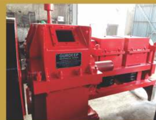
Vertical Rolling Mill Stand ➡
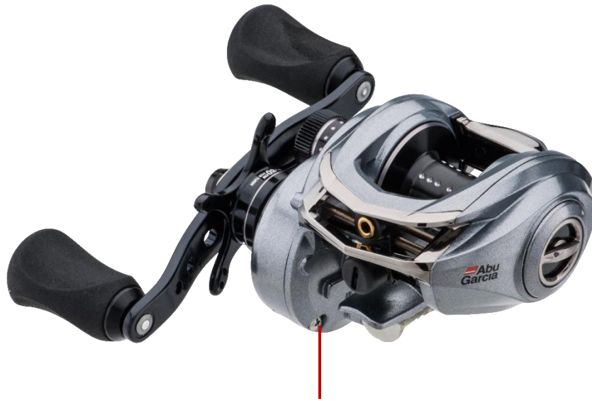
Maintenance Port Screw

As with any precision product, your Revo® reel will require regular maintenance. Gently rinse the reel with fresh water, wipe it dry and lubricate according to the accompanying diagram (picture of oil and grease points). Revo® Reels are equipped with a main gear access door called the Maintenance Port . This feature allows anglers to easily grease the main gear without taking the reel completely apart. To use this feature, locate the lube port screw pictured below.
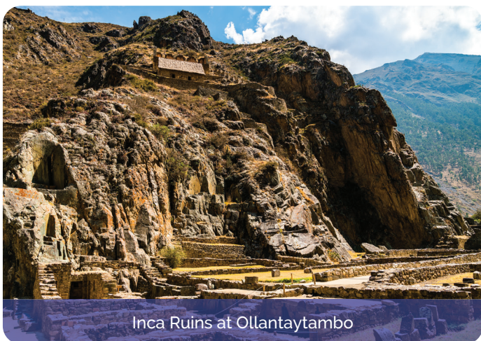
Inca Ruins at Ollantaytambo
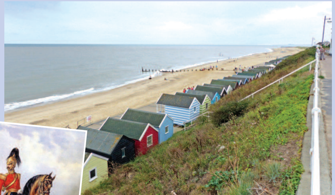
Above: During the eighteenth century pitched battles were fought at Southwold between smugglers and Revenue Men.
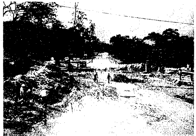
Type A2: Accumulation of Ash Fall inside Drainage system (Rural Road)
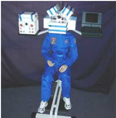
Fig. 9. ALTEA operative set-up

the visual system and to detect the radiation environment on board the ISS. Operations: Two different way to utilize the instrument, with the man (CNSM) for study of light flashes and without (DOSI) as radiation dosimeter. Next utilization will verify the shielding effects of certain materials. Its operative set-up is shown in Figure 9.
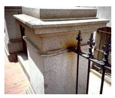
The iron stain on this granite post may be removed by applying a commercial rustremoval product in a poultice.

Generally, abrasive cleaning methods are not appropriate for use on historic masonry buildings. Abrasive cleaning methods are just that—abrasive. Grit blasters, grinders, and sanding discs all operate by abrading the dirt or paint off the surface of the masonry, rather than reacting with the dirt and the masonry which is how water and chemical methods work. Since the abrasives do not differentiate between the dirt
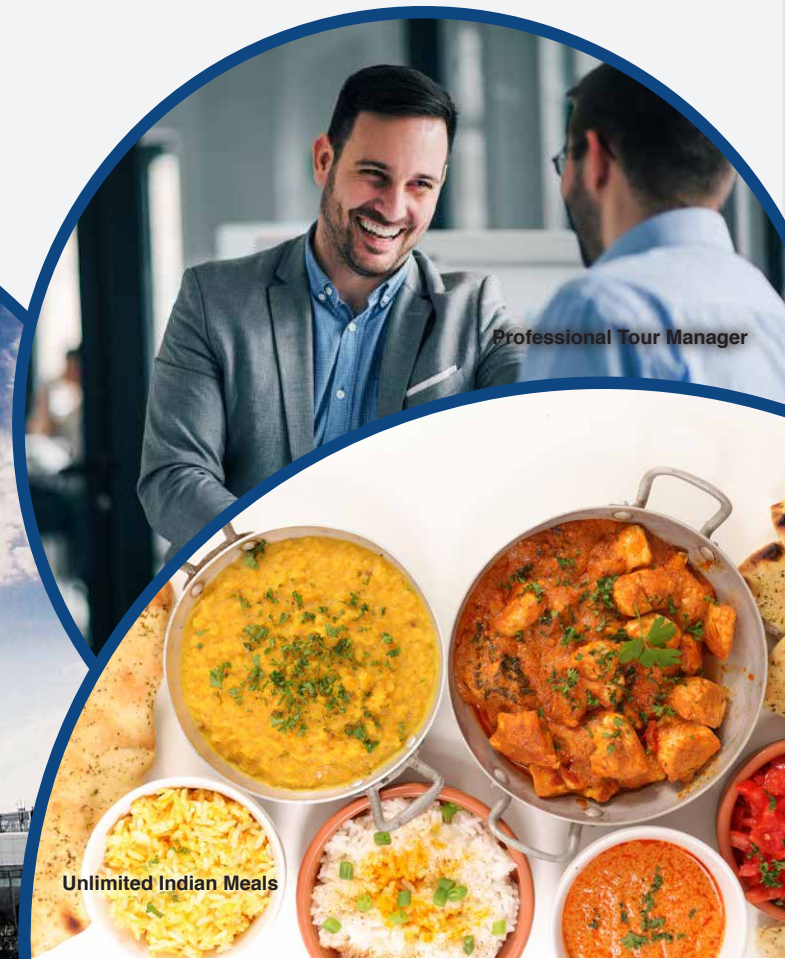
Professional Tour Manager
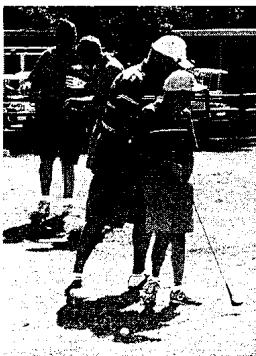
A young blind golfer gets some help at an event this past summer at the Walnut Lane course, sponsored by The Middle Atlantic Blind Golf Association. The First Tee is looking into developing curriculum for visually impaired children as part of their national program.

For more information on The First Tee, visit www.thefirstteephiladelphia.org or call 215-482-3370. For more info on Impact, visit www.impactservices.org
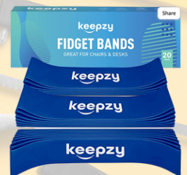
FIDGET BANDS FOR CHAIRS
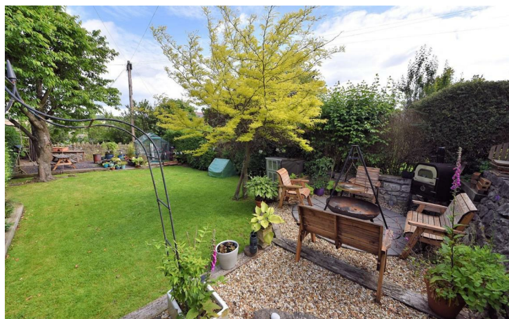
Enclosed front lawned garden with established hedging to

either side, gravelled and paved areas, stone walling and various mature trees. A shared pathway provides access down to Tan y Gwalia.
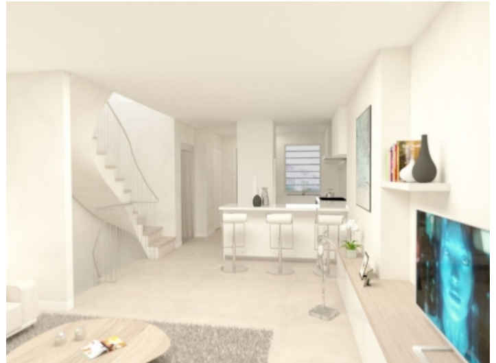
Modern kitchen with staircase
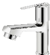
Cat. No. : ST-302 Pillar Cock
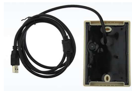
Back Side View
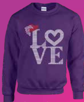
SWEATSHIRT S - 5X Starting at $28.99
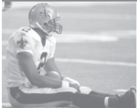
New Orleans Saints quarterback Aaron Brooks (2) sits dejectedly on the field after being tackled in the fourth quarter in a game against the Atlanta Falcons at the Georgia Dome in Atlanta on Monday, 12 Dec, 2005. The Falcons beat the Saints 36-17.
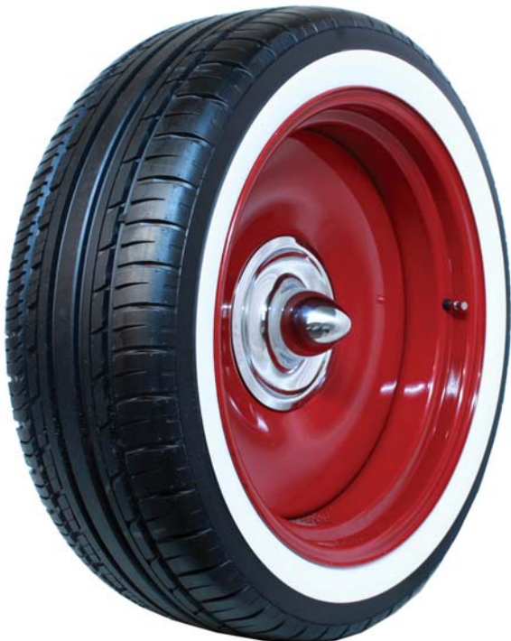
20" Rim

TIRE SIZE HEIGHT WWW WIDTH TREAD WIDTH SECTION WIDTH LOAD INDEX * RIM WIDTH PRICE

********

◆ **Brief**: What is needed is a verbatim copy of every entry, with the pictures omitted.

◆ **Output of the task**:
Vertical Rolling Mill Stand ➡
Maintenance Port Screw

As with any precision product, your Revo® reel will require regular maintenance. Gently rinse the reel with fresh water, wipe it dry and lubricate according to the accompanying diagram (picture of oil and grease points). Revo® Reels are equipped with a main gear access door called the Maintenance Port . This feature allows anglers to easily grease the main gear without taking the reel completely apart. To use this feature, locate the lube port screw pictured below.
Inca Ruins at Ollantaytambo
Above: During the eighteenth century pitched battles were fought at Southwold between smugglers and Revenue Men.
Type A2: Accumulation of Ash Fall inside Drainage system (Rural Road)
Fig. 9. ALTEA operative set-up

the visual system and to detect the radiation environment on board the ISS. Operations: Two different way to utilize the instrument, with the man (CNSM) for study of light flashes and without (DOSI) as radiation dosimeter. Next utilization will verify the shielding effects of certain materials. Its operative set-up is shown in Figure 9.
The iron stain on this granite post may be removed by applying a commercial rustremoval product in a poultice.

Generally, abrasive cleaning methods are not appropriate for use on historic masonry buildings. Abrasive cleaning methods are just that—abrasive. Grit blasters, grinders, and sanding discs all operate by abrading the dirt or paint off the surface of the masonry, rather than reacting with the dirt and the masonry which is how water and chemical methods work. Since the abrasives do not differentiate between the dirt
Professional Tour Manager
A young blind golfer gets some help at an event this past summer at the Walnut Lane course, sponsored by The Middle Atlantic Blind Golf Association. The First Tee is looking into developing curriculum for visually impaired children as part of their national program.

For more information on The First Tee, visit www.thefirstteephiladelphia.org or call 215-482-3370. For more info on Impact, visit www.impactservices.org
FIDGET BANDS FOR CHAIRS
Enclosed front lawned garden with established hedging to

either side, gravelled and paved areas, stone walling and various mature trees. A shared pathway provides access down to Tan y Gwalia.
Modern kitchen with staircase
Cat. No. : ST-302 Pillar Cock
Back Side View
SWEATSHIRT S - 5X Starting at $28.99
New Orleans Saints quarterback Aaron Brooks (2) sits dejectedly on the field after being tackled in the fourth quarter in a game against the Atlanta Falcons at the Georgia Dome in Atlanta on Monday, 12 Dec, 2005. The Falcons beat the Saints 36-17.
20" Rim

TIRE SIZE HEIGHT WWW WIDTH TREAD WIDTH SECTION WIDTH LOAD INDEX * RIM WIDTH PRICE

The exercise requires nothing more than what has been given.